### Problem
Reproduce exactly, and only, the lines of the material below running from the line bearing "Podczas tego mało" through the line bearing "Краткосрочное обязательство Государственного". Leave any pictures out.

### Task material

============

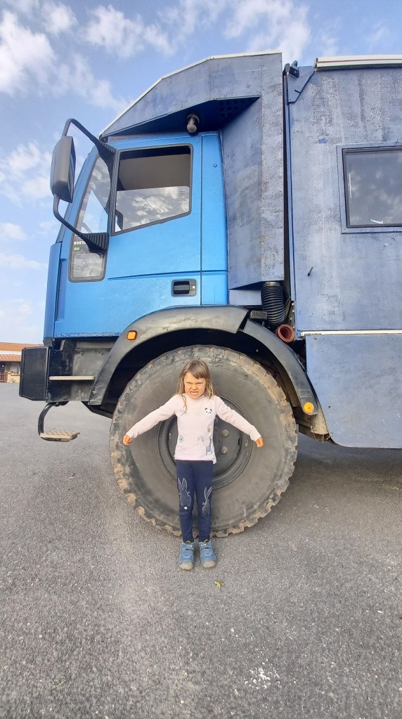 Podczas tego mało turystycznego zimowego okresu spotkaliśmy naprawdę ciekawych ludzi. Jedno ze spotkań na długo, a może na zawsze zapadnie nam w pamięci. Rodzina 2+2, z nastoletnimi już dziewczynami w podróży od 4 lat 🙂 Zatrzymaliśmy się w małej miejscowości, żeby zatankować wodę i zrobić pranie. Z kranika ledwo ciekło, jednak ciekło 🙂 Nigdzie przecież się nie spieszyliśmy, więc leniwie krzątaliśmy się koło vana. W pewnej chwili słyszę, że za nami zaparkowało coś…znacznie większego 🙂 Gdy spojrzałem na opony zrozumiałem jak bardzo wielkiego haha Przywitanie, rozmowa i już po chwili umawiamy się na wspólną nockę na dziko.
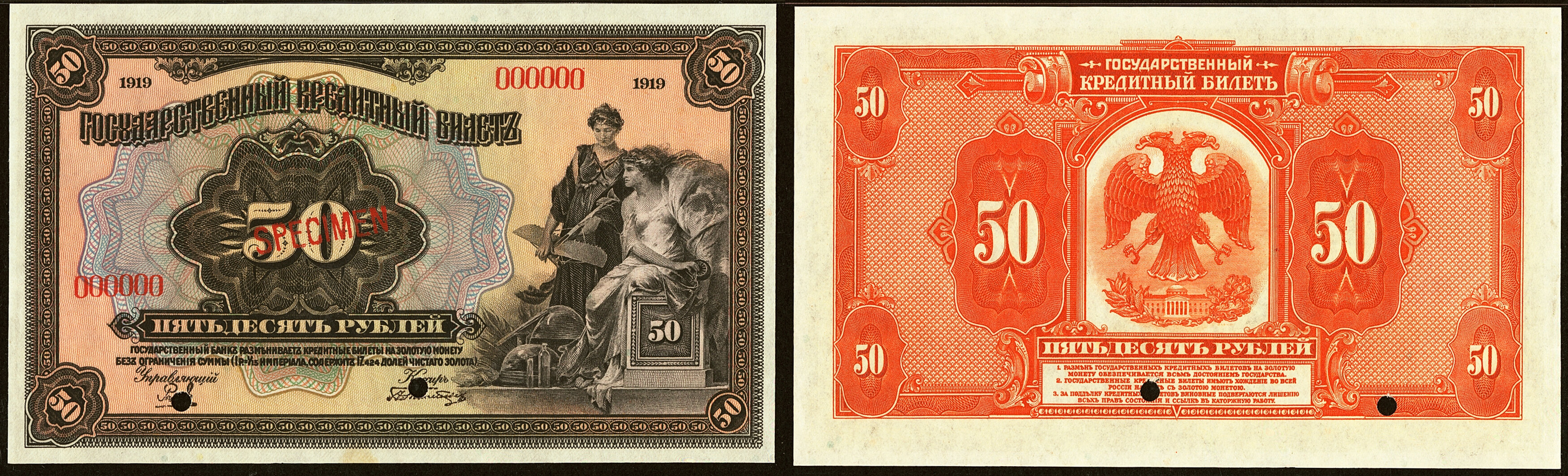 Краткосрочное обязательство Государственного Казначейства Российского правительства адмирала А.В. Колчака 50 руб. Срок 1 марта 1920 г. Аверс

============

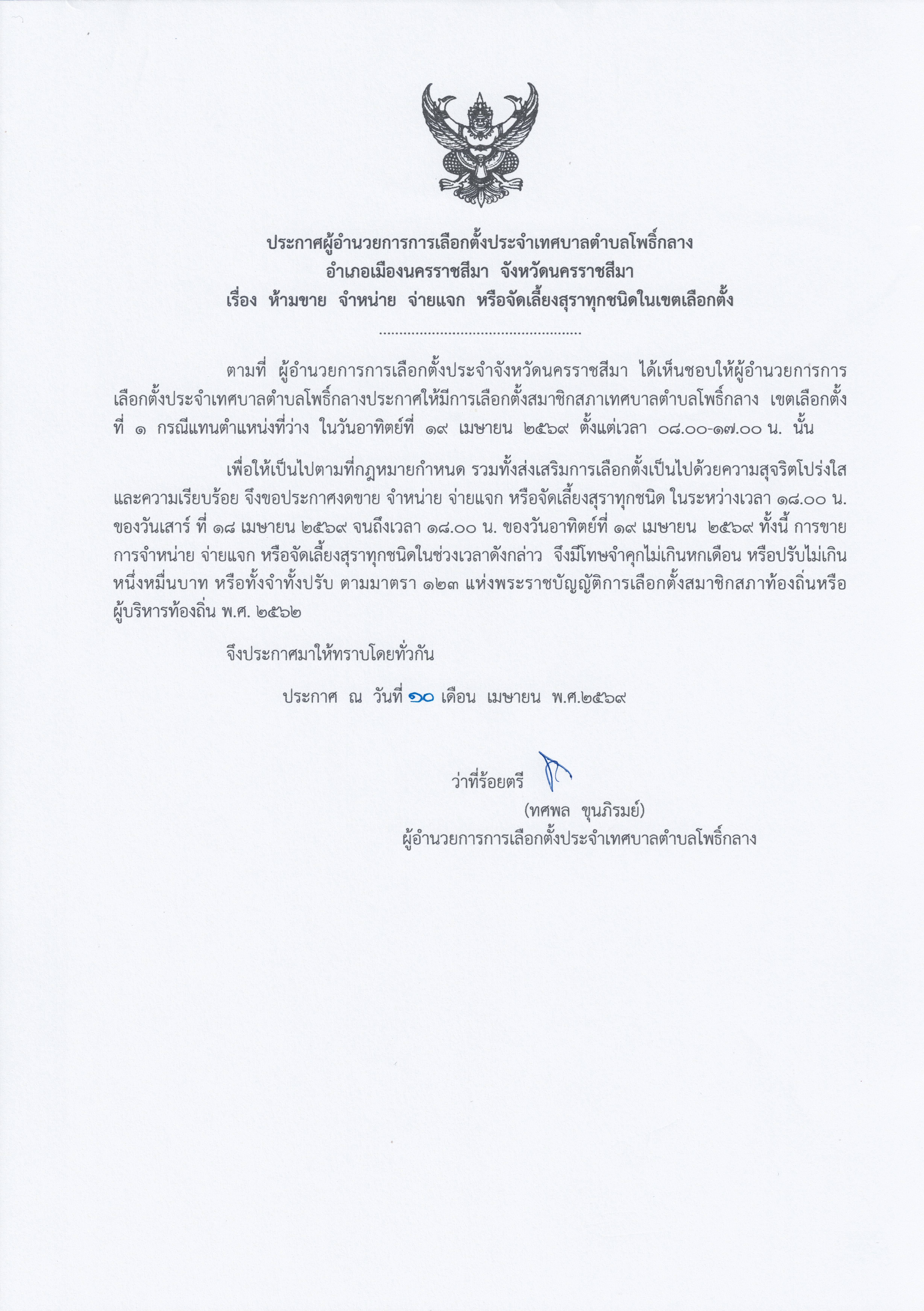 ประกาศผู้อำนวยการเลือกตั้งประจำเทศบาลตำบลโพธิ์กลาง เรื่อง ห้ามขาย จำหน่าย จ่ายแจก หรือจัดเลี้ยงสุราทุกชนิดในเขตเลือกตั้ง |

============

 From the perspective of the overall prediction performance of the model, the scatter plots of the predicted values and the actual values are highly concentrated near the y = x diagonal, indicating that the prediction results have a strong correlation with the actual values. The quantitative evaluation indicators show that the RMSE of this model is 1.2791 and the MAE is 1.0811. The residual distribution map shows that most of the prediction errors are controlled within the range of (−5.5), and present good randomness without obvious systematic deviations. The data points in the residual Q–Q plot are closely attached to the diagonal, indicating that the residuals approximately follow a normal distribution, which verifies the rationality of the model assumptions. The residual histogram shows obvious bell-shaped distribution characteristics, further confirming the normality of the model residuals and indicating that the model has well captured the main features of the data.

============

### Answer below
 Podczas tego mało turystycznego zimowego okresu spotkaliśmy naprawdę ciekawych ludzi. Jedno ze spotkań na długo, a może na zawsze zapadnie nam w pamięci. Rodzina 2+2, z nastoletnimi już dziewczynami w podróży od 4 lat 🙂 Zatrzymaliśmy się w małej miejscowości, żeby zatankować wodę i zrobić pranie. Z kranika ledwo ciekło, jednak ciekło 🙂 Nigdzie przecież się nie spieszyliśmy, więc leniwie krzątaliśmy się koło vana. W pewnej chwili słyszę, że za nami zaparkowało coś…znacznie większego 🙂 Gdy spojrzałem na opony zrozumiałem jak bardzo wielkiego haha Przywitanie, rozmowa i już po chwili umawiamy się na wspólną nockę na dziko.
 Краткосрочное обязательство Государственного Казначейства Российского правительства адмирала А.В. Колчака 50 руб. Срок 1 марта 1920 г. Аверс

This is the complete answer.